* **WHAT THIS TASK INVOLVES**:
Retype nothing except the lines below from the one with "Create a lightweight" through the one with "胡散臭い通販商品みたいなあだ名 | 『億万長者になれるブレスレット…その名も「トウニ」』 |", exactly, with images left out.

(Source records)
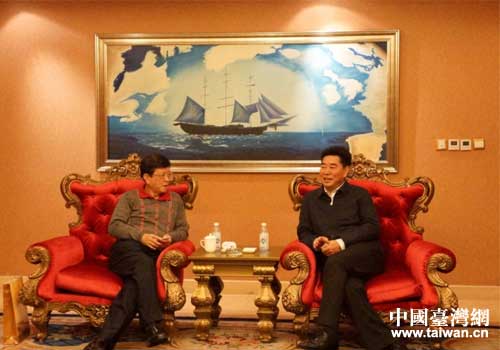 四川省人大副主任、德陽(yáng)市委書(shū)記李向志(右)會(huì)見(jiàn)臺(tái)灣海峽交流基金會(huì)顧問(wèn)江碩平(左)。(圖片來(lái)源:德陽(yáng)市臺(tái)辦)
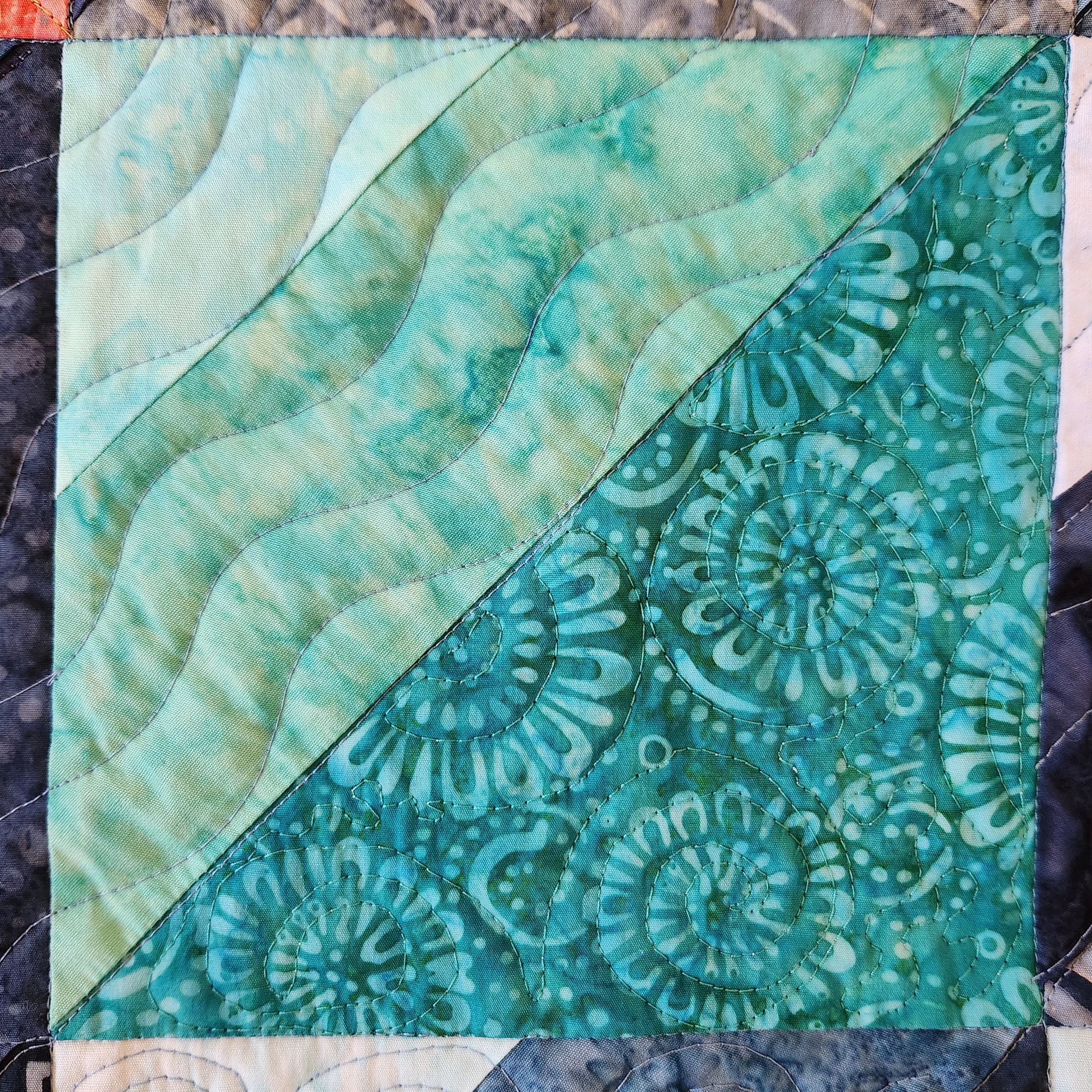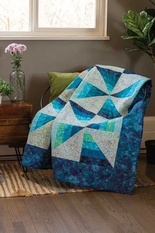 Create a lightweight throw quilt for summer featuring swirling fans in cooling teals and blues! Precut “jelly roll” strips are pieced quickly into sets. Half-square triangle techniques finish forming the fan blades. Free-motion swirls add to the fan theme of keeping cool in the summer!
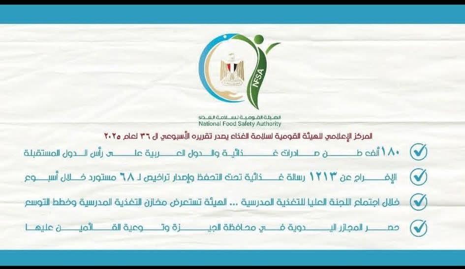 المركز الإعلامي للهيئة القومية لسلامة الغذاء يصدر...
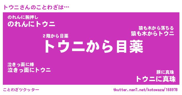 | 胡散臭い通販商品みたいなあだ名 | 『億万長者になれるブレスレット…その名も「トウニ」』 |
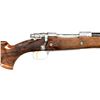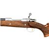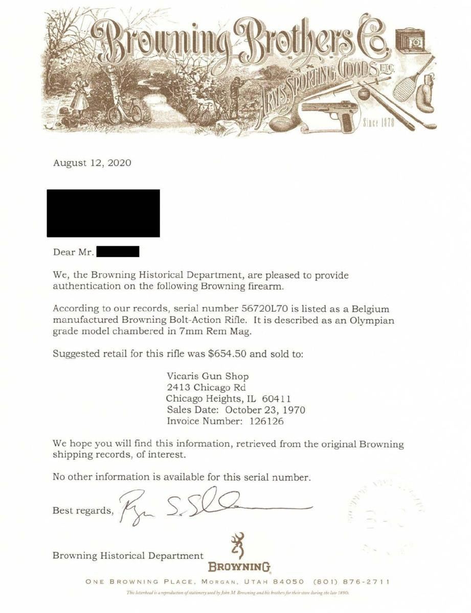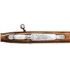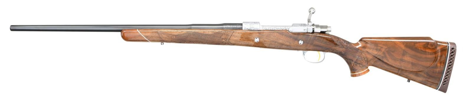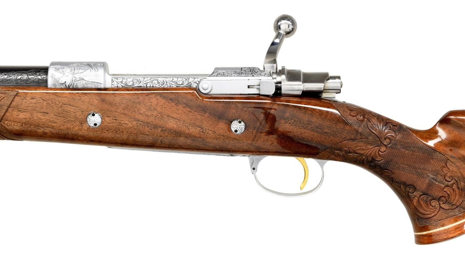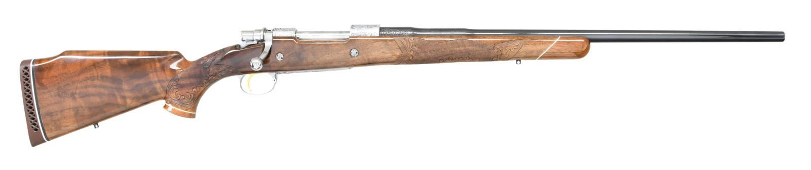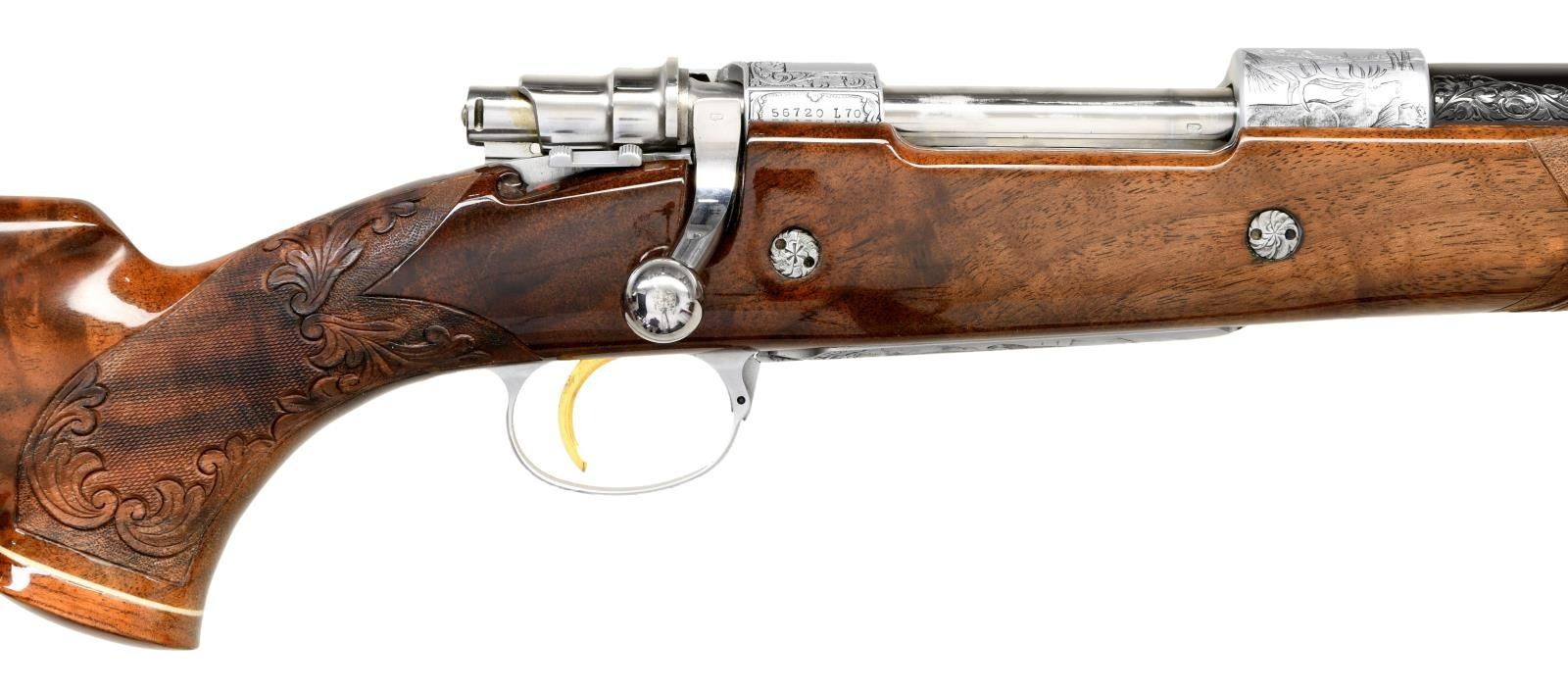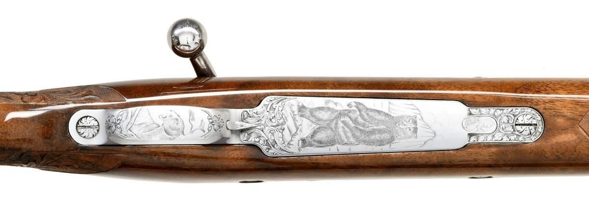 ACTION RIFLE. Cal. 7mm Rem Mag. S# 56720L70. Bbl. 24" sporter weight without sights. FN short extractor action with satin chrome finish & right side safety. The bolt is numbered to the rifle. Receiver & bottom metal have foliate scroll hand engraving surrounding scenes that feature elk & moose on the front receiver ring. The floorplate features a standing grizzly & the trigger guard depicts a snarling mountain lion. The engraving is triple signed by Angelo Bee, Severin & Cortis. Gold finished trigger. Monte Carlo cheekpiece stock of gloss finished fancy walnut has the original Browning pad. Features include contrasting forend tip & grip cap with white line spacers and swivel bases. Fine hand checkering on wrist & forend is bordered by elaborate floral carving with stippled backgrounds. Weight, 8 lbs., 10 ozs. 1970 Belgium mfg. UNATTACHED ACCESORIES: Browning letter confirming Olympian grade and further stating: "sold to: Vicaris Gun Shop / 2413 Chicago Rd / Chicago Heights, IL 60411 / Sales Date: October 23, 1970 / Invoice Number 126126". CONDITION: Bbl & action retains over 99% finish. Very good stock shows small spots of darkening in checkering. The recoil lugs are bordered by darkened wood, however when removed from the stock the bbl. & action show no salt related damage. Bright near excellent bore. PROVENANCE: From the Estate of Jon Thomas. (23-1650/DS). CURIO. $5,000-8,000.
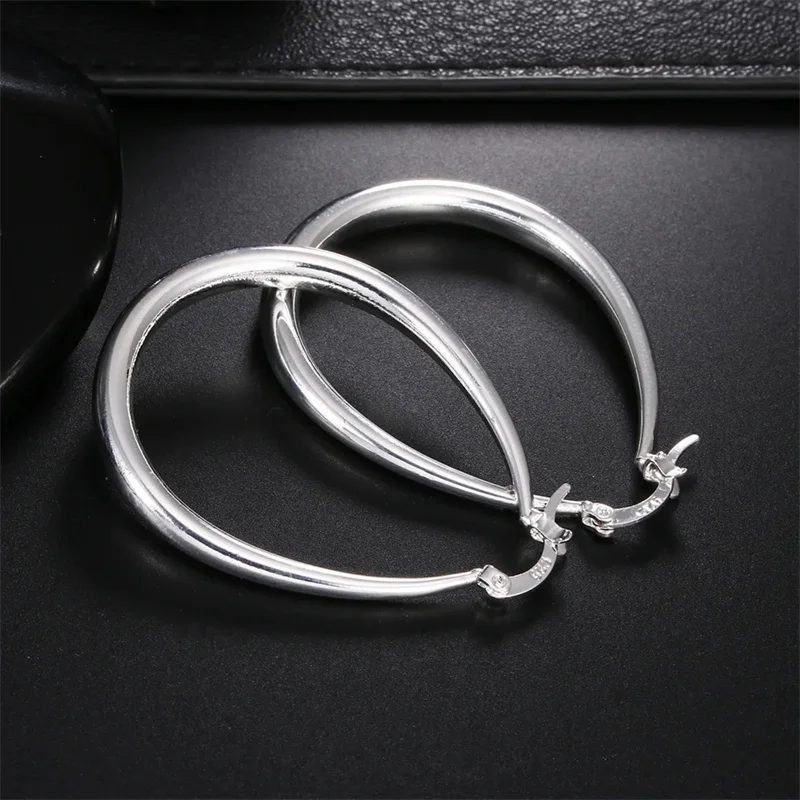 Brincos de argola grandes de círculo liso de prata esterlina 925 41 mm para mulheres, acessórios de festa de moda, joias, presentes de Natal

* **TASK ANSWER**:
 Create a lightweight throw quilt for summer featuring swirling fans in cooling teals and blues! Precut “jelly roll” strips are pieced quickly into sets. Half-square triangle techniques finish forming the fan blades. Free-motion swirls add to the fan theme of keeping cool in the summer!
 المركز الإعلامي للهيئة القومية لسلامة الغذاء يصدر...
 | 胡散臭い通販商品みたいなあだ名 | 『億万長者になれるブレスレット…その名も「トウニ」』 |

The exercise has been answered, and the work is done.